## The problem
Line by line, repeat the material below exactly and leave the images out.

## Recorded information
___

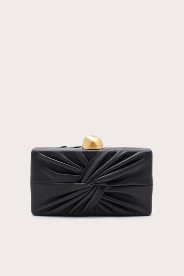 An exquisitely crafted clutch featuring a striking abstract gold top clasp and artful knotted leather detailing that elevates any evening ensemble.
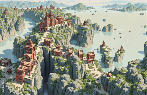 © 威宇 沈, Fototapeta premium Scenic Red Buildings amidst Mountains and Waters
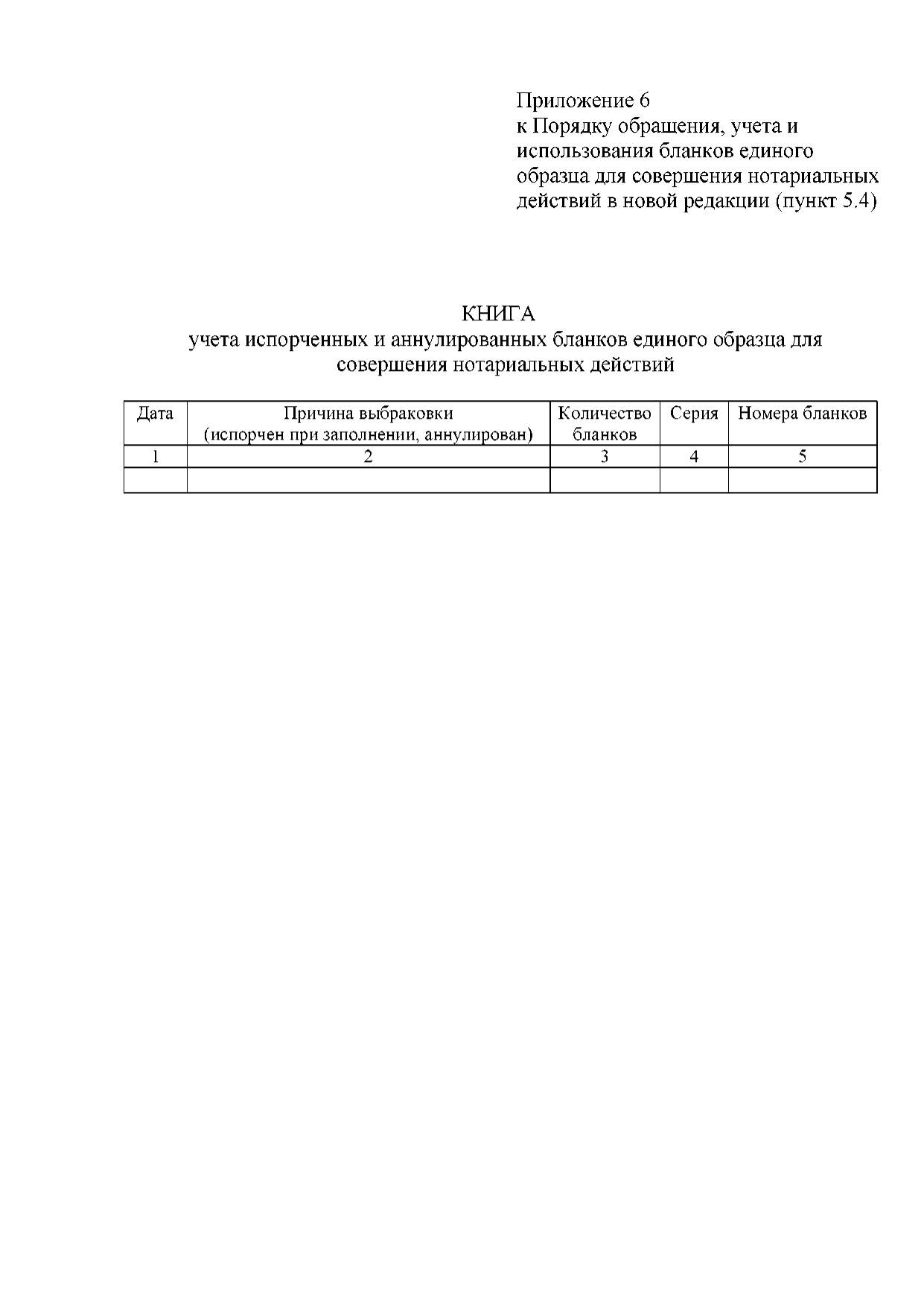 5.4. Учет испорченных и аннулированных бланков ведется нотариусами в Донецкой Народной Республике в Книге учета испорченных и аннулированных бланков единого образца для совершения нотариальных действий (приложение 6).

___

## Reply to the task
 An exquisitely crafted clutch featuring a striking abstract gold top clasp and artful knotted leather detailing that elevates any evening ensemble.
 © 威宇 沈, Fototapeta premium Scenic Red Buildings amidst Mountains and Waters
 5.4. Учет испорченных и аннулированных бланков ведется нотариусами в Донецкой Народной Республике в Книге учета испорченных и аннулированных бланков единого образца для совершения нотариальных действий (приложение 6).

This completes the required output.